3,000-5,000 more troops will do nothing except have more troops die for nothing. Send in 90,000 or 100,000 or 250,000 or more or pull every last one out right now! I am tired of all of the fucking around with this war ever since less then a year after we went in. We have been there too long and too many have died for not one fucking thing. MAYBE we could have justified it until we got bin Laden. Well he's dead. So we're done. So let's either destroy the hell out of the whole country and kill everyone in it or get out. Shit or get off the pot!

 
 
 
Randy
Sophomore Participates
link   seeder  Randy    7 years ago

I posted this the other day and then locked it when I went to bed and forgot about it. Still it is an issue that I am afraid my become lost in the fog of the Russian scandal.

I am also afraid that, if the Russian scandal gets too close to Kushner or to Trump himself, that Trump my do a sudden large increase in troops in Afghanistan or even launch an un-needed preemptive strike against North Korea, to distract from the issue of the scandal with a full scale war. I believe that he really is evil enough to start a war that would cost the lives of tens of thousands, or in the case of Korea, hundreds of thousands of innocent lives just to try to draw the pressure away from himself if the connection between him and Russia reaches he point where he may be facing impeachment and he wants a distraction.

 

 
 
 
Kavika
Professor Principal
link   Kavika     7 years ago

A quagmire that is never ending. A few thousand more troops are not going to make a different except to see more body bags coming back the U.S.

This weekend is Memorial Day, a day when we honor our fallen troops.

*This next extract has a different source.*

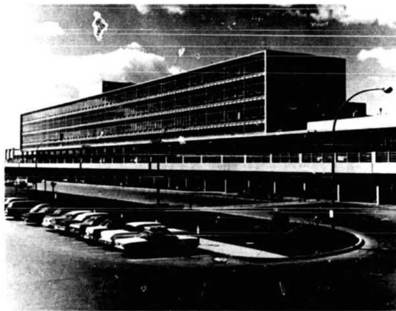
Aéroport International de Montréal, Dorval

son's Bay Company in 1821. British traders were consolidated before and during the last decade of the eighteenth century. In 1804 the Phoenix Fire Insurance Company, the first insurance company in Canada, started here. In 1809 the S.S. "Accommodation" was built by John Molson, of Montreal, for river traffic, the second steamer on North American rivers, and three years before any such steamer plied in England. The Bank of Montreal opened for business on November 13th, 1817. The Committee of Trade, the predecessor of the Montreal Board of Trade of 1842, was organized in 1822. The Lachine Canal, begun on July 17th, 1821, was finished in 1825. The first Harbour Commission was appointed in 1830. In 1831 the "Royal William" was fitted with its engines in the yards of Bennett & Henderson,

It seems that since WWII almost every Memorial Day we are in a war somewhere in the world...Is it ever going to end, it doesn't seem that it will.

 
 
 
Randy
Sophomore Participates
link   seeder  Randy  replied to  Kavika   7 years ago

Send in a quarter million more troops for a few years to wipe out every Taliban fighter you can find and lose 8 or 10 thousand of ours. Or just take the troops we have in there out now. Those are the two real and stark choices we have. Just do one or the other. Just do something!

 
 
 
JohnRussell
Professor Principal
link   JohnRussell    7 years ago

You will never end terrorism as long as US troops are in that general region involved in prolonged war against Muslims. We "taught them a lesson" years ago. We may have gotten better results giving them the hundreds of billions of dollars we spent on making war on them. 

 
 
 
Randy
Sophomore Participates
link   seeder  Randy  replied to  JohnRussell   7 years ago

The only lesson we are teaching them now is that we didn't learn a damned thing about prolonged land wars from Vietnam and in fact are doing it worse because the North Vietnamese didn't launch terrorist attacks around the world.